Figure 3: L4 Load Balancer
L4 Load Balancer Setup
The suggested external load balancer setup is as follows:
- Only one DNS needs to be set for Fortanix Self-Defending KMS related services.
- The ports 443, 4445, and 5696 need to be open on the Load Balancer on the same DNS. Refer to Fortanix Self-Defending Port Requirements for details about these ports.
The following health checks are suggested:
- Port 443: HTTP health check on https://<DNS>/sys/v1/health with expected 204 HTTP status code.
- Port 4445: HTTP health check on https://<DNS>:4445/health with expected 204 HTTP status code.
- Port 5696: TCP Half-open check on DNS port 5696. Example command for health check:
$ netcat -v http://sdkms.onprem-dns.your-company.com 5696
Connection to http://sdkms.onprem-dns.your-company.com 5696 port [tcp/*] succeeded
For High availability, a round-robin method is used.
- Database: Fortanix Self-Defending KMS uses 2 databases – Cassandra and Elasticsearch. Both are distributed databases which have an instance running on every node in the cluster. Both the databases use a consistency protocol which requires a quorum of nodes to be available: (n/2)+1 for a cluster of size n. This defines a minimum cluster size of n=3 nodes.
- Kubernetes: The Fortanix Self-Defending KMS application runs inside a container, which is executed and orchestrated using Kubernetes. Part of the initial setup of nodes involves setting up a Kubernetes cluster and making the nodes part of that cluster. Provisioning of Fortanix Self-Defending KMS and software upgrades are done using Kubernetes commands thereafter.
- Intel SGX: The entire Fortanix Self-Defending KMS software runs inside an Intel® SGX enclave. This requires the Intel® SGX driver to be installed on the host, and the Intel® SGX platform software (PSW) to be installed in the Fortanix Self-Defending KMS container.
- Fortanix Self-Defending KMS Container: The Fortanix Self-Defending KMS application runs inside a Docker container. This includes several critical components of the application, such as; TLS termination, the webserver which parses REST APIs, the crypto library, key management logic, as well as the database driver.
- Fortanix Self-Defending KMS Web UI: The Fortanix Self-Defending KMS UI is served through an Nginx web server running inside the Fortanix Self-Defending KMS container.
- Monitoring Software: Every Fortanix Self-Defending KMS node runs a monitoring software agent. A system administrator can set alerts for various things, such as CPU load, temperature, network traffic, and so on in the monitoring server.

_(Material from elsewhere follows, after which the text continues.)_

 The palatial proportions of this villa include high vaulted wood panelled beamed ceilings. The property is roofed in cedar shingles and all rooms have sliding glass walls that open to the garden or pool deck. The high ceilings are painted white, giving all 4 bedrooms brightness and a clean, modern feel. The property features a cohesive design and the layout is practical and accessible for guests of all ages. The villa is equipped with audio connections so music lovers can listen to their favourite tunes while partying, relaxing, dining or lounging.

Figure 4 shows the architecture of a single Fortanix Self-Defending KMS node:
Figure 4: Architecture of a single Fortanix Self-Defending KMS node
High Availability
Fortanix Self-Defending KMS is typically installed in a high availability architecture. Due to the data consistency schema used, to remain fully operational, Fortanix Self-Defending KMS requires the majority of the nodes in the cluster to be available.
Which means for a
- 3 node cluster, at least 2 nodes should be available.

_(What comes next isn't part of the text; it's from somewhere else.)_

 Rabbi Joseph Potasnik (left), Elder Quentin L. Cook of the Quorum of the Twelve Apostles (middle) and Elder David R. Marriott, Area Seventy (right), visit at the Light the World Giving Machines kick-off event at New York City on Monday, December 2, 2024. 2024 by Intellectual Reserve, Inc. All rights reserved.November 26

- 5 node cluster, at least 3 nodes should be available.
The Formula for the above is (n/2)+1 where n is the number of nodes in a cluster.
Due to the same reason, for a multi datacenter deployment, Fortanix suggests using at-least three Datacenters, to ensure service availability in case of failure in a single Datacenter.
Suggested architectures:
Figure 5: Three equal sites
Figure 6: Two equal sites + 1
A Fortanix Self-Defending KMS cluster is fully operational when there is a global quorum, which means that most of the nodes in the cluster (across all data centers) are available.